■ **Prompt**: A faithful copy of the listing below is needed, one that contains no pictures.

■ **Information provided**:

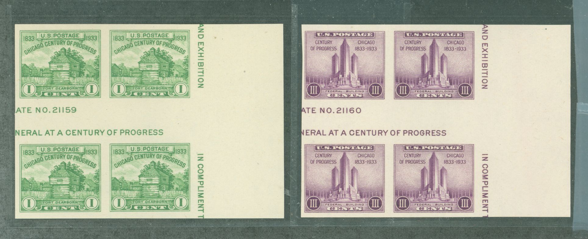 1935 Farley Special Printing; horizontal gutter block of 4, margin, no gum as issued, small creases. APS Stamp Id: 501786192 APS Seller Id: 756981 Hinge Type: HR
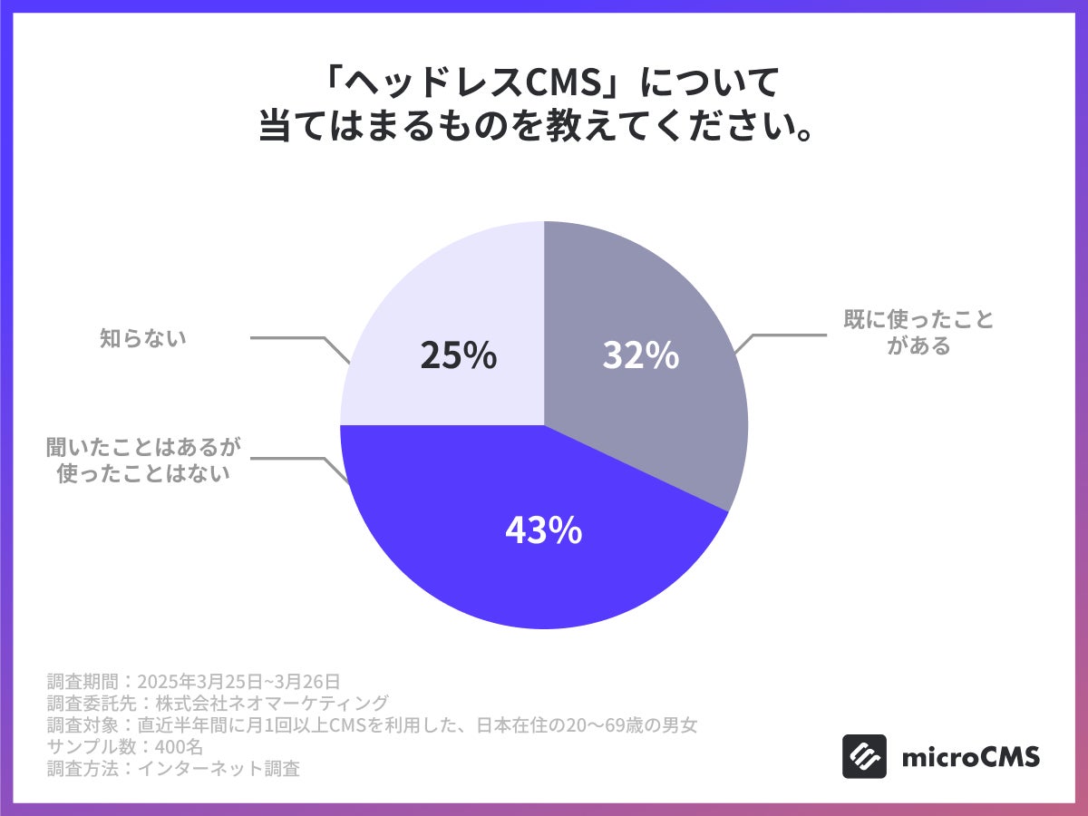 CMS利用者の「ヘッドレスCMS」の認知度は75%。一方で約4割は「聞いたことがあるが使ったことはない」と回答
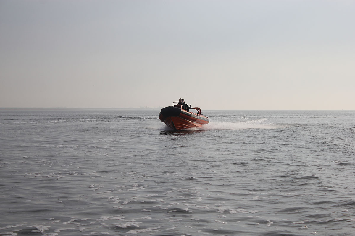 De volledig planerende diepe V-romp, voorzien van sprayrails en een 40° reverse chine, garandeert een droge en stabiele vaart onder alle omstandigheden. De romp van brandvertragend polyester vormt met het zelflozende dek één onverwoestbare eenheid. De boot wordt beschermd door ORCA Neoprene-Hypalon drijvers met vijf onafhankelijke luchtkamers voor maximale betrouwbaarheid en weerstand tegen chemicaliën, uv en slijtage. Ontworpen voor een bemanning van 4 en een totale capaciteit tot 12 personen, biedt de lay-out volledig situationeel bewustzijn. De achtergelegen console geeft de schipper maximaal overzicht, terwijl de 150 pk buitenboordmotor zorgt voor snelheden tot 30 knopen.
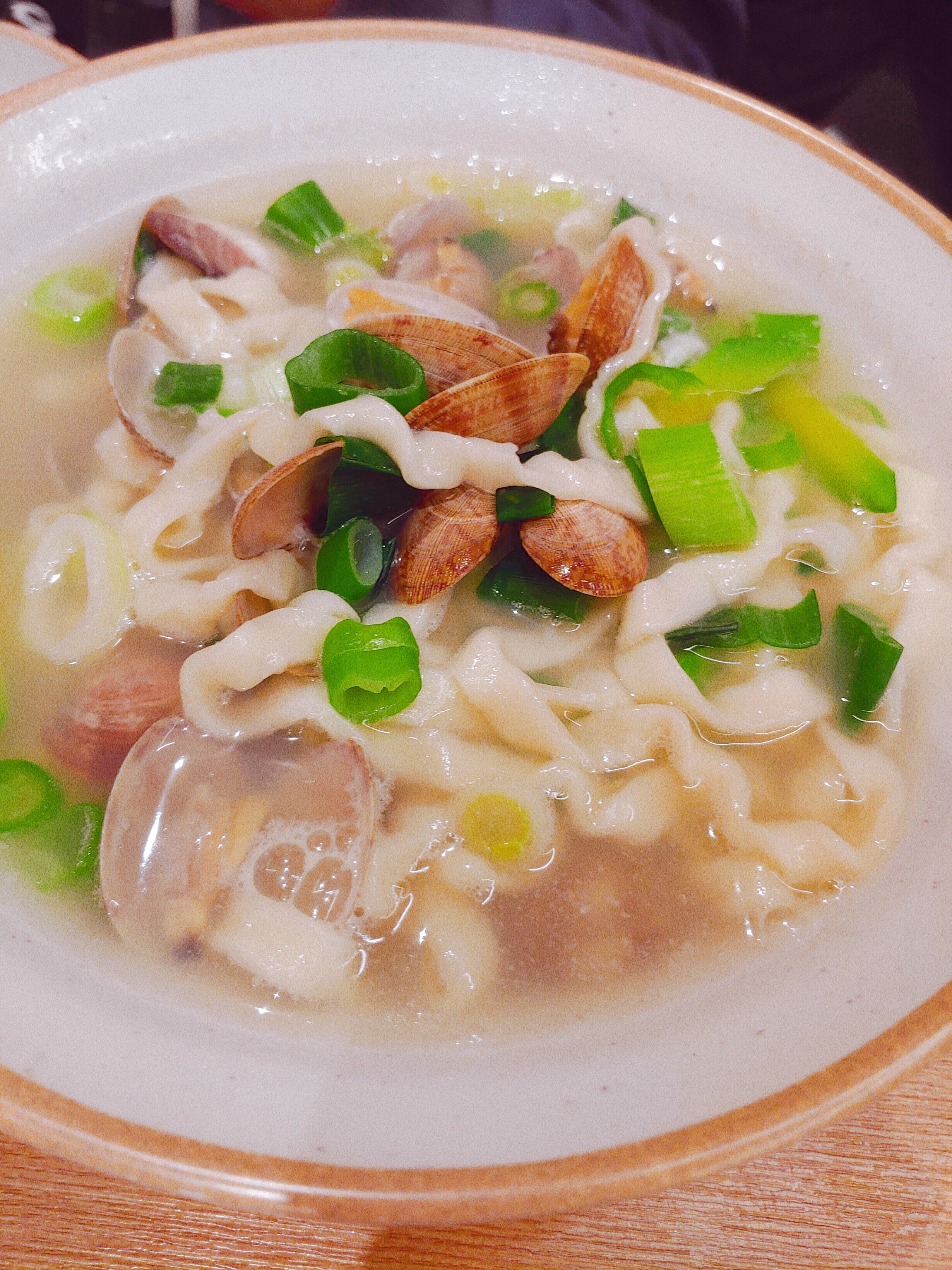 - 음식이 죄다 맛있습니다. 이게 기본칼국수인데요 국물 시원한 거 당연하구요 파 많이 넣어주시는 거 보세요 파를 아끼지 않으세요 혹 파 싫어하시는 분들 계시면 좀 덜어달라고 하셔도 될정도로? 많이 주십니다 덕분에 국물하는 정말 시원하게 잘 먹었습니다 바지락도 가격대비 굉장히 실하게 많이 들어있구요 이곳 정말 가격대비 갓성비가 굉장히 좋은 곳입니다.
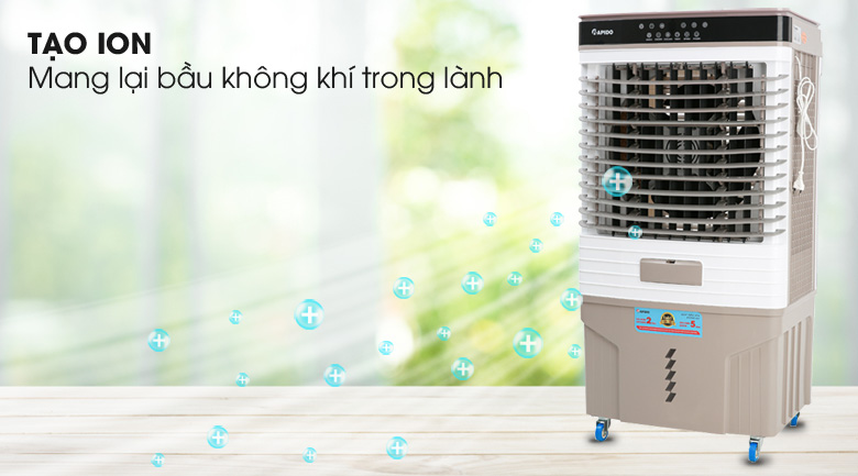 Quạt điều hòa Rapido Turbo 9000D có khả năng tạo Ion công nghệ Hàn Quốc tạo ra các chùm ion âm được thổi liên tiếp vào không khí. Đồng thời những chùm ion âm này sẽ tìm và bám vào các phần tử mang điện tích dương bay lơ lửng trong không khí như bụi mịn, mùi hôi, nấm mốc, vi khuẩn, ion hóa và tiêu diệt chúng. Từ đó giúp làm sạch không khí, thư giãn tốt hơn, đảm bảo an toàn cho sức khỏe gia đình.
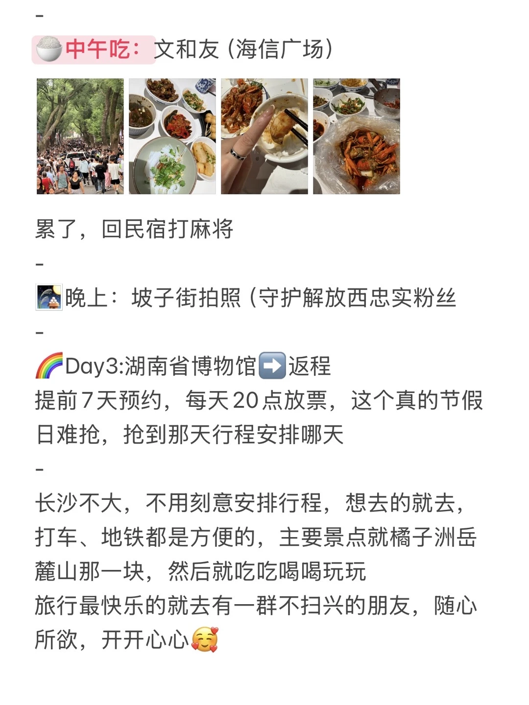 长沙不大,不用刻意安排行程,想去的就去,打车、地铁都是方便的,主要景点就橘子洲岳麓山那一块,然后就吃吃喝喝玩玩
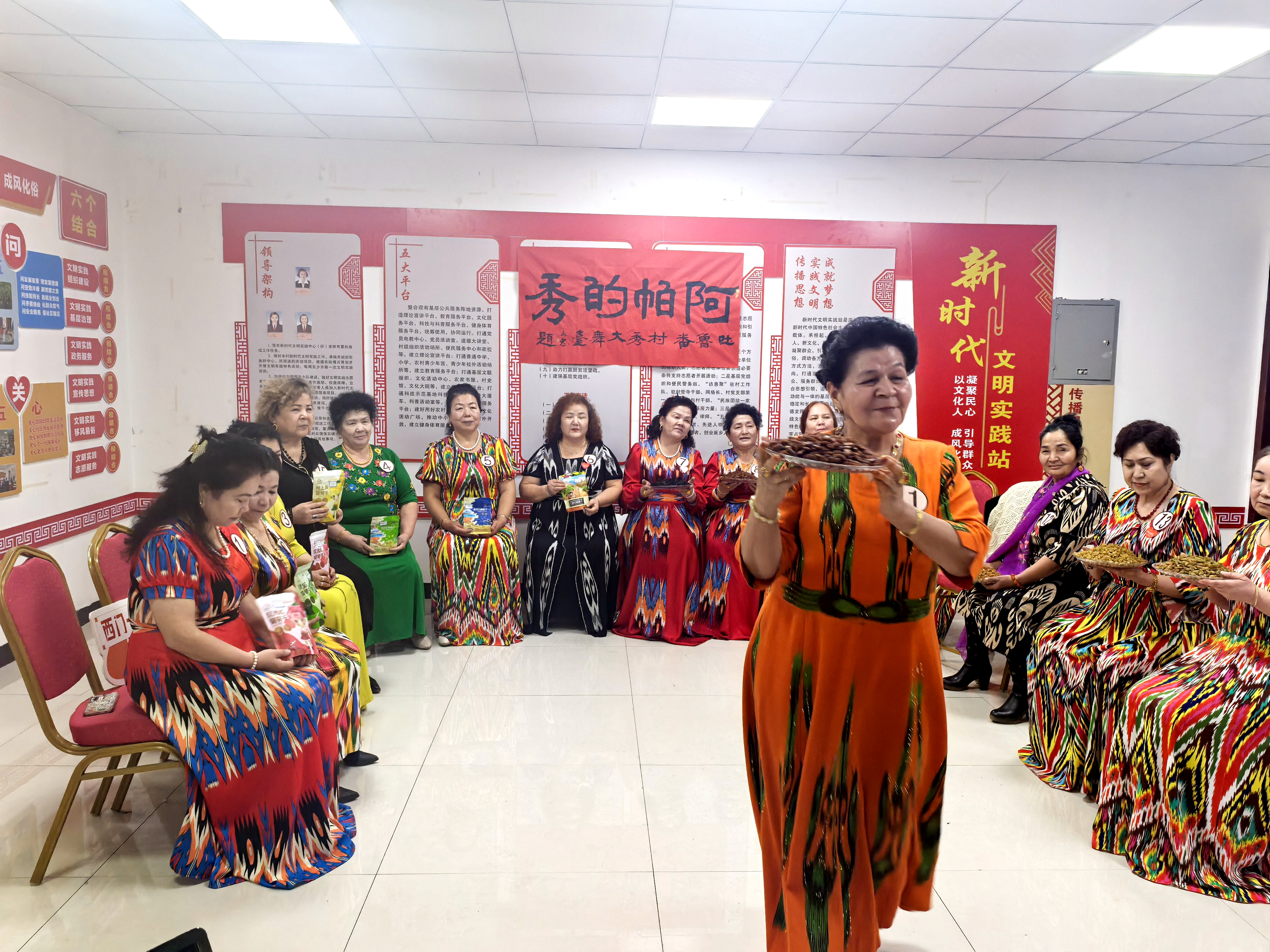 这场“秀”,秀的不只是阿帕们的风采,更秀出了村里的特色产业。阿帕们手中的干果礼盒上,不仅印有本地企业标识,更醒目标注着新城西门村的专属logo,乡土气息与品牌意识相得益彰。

■ **Solved exercise**:
 1935 Farley Special Printing; horizontal gutter block of 4, margin, no gum as issued, small creases. APS Stamp Id: 501786192 APS Seller Id: 756981 Hinge Type: HR
 CMS利用者の「ヘッドレスCMS」の認知度は75%。一方で約4割は「聞いたことがあるが使ったことはない」と回答
 De volledig planerende diepe V-romp, voorzien van sprayrails en een 40° reverse chine, garandeert een droge en stabiele vaart onder alle omstandigheden. De romp van brandvertragend polyester vormt met het zelflozende dek één onverwoestbare eenheid. De boot wordt beschermd door ORCA Neoprene-Hypalon drijvers met vijf onafhankelijke luchtkamers voor maximale betrouwbaarheid en weerstand tegen chemicaliën, uv en slijtage. Ontworpen voor een bemanning van 4 en een totale capaciteit tot 12 personen, biedt de lay-out volledig situationeel bewustzijn. De achtergelegen console geeft de schipper maximaal overzicht, terwijl de 150 pk buitenboordmotor zorgt voor snelheden tot 30 knopen.
 - 음식이 죄다 맛있습니다. 이게 기본칼국수인데요 국물 시원한 거 당연하구요 파 많이 넣어주시는 거 보세요 파를 아끼지 않으세요 혹 파 싫어하시는 분들 계시면 좀 덜어달라고 하셔도 될정도로? 많이 주십니다 덕분에 국물하는 정말 시원하게 잘 먹었습니다 바지락도 가격대비 굉장히 실하게 많이 들어있구요 이곳 정말 가격대비 갓성비가 굉장히 좋은 곳입니다.
 Quạt điều hòa Rapido Turbo 9000D có khả năng tạo Ion công nghệ Hàn Quốc tạo ra các chùm ion âm được thổi liên tiếp vào không khí. Đồng thời những chùm ion âm này sẽ tìm và bám vào các phần tử mang điện tích dương bay lơ lửng trong không khí như bụi mịn, mùi hôi, nấm mốc, vi khuẩn, ion hóa và tiêu diệt chúng. Từ đó giúp làm sạch không khí, thư giãn tốt hơn, đảm bảo an toàn cho sức khỏe gia đình.
 长沙不大,不用刻意安排行程,想去的就去,打车、地铁都是方便的,主要景点就橘子洲岳麓山那一块,然后就吃吃喝喝玩玩
 这场“秀”,秀的不只是阿帕们的风采,更秀出了村里的特色产业。阿帕们手中的干果礼盒上,不仅印有本地企业标识,更醒目标注着新城西门村的专属logo,乡土气息与品牌意识相得益彰。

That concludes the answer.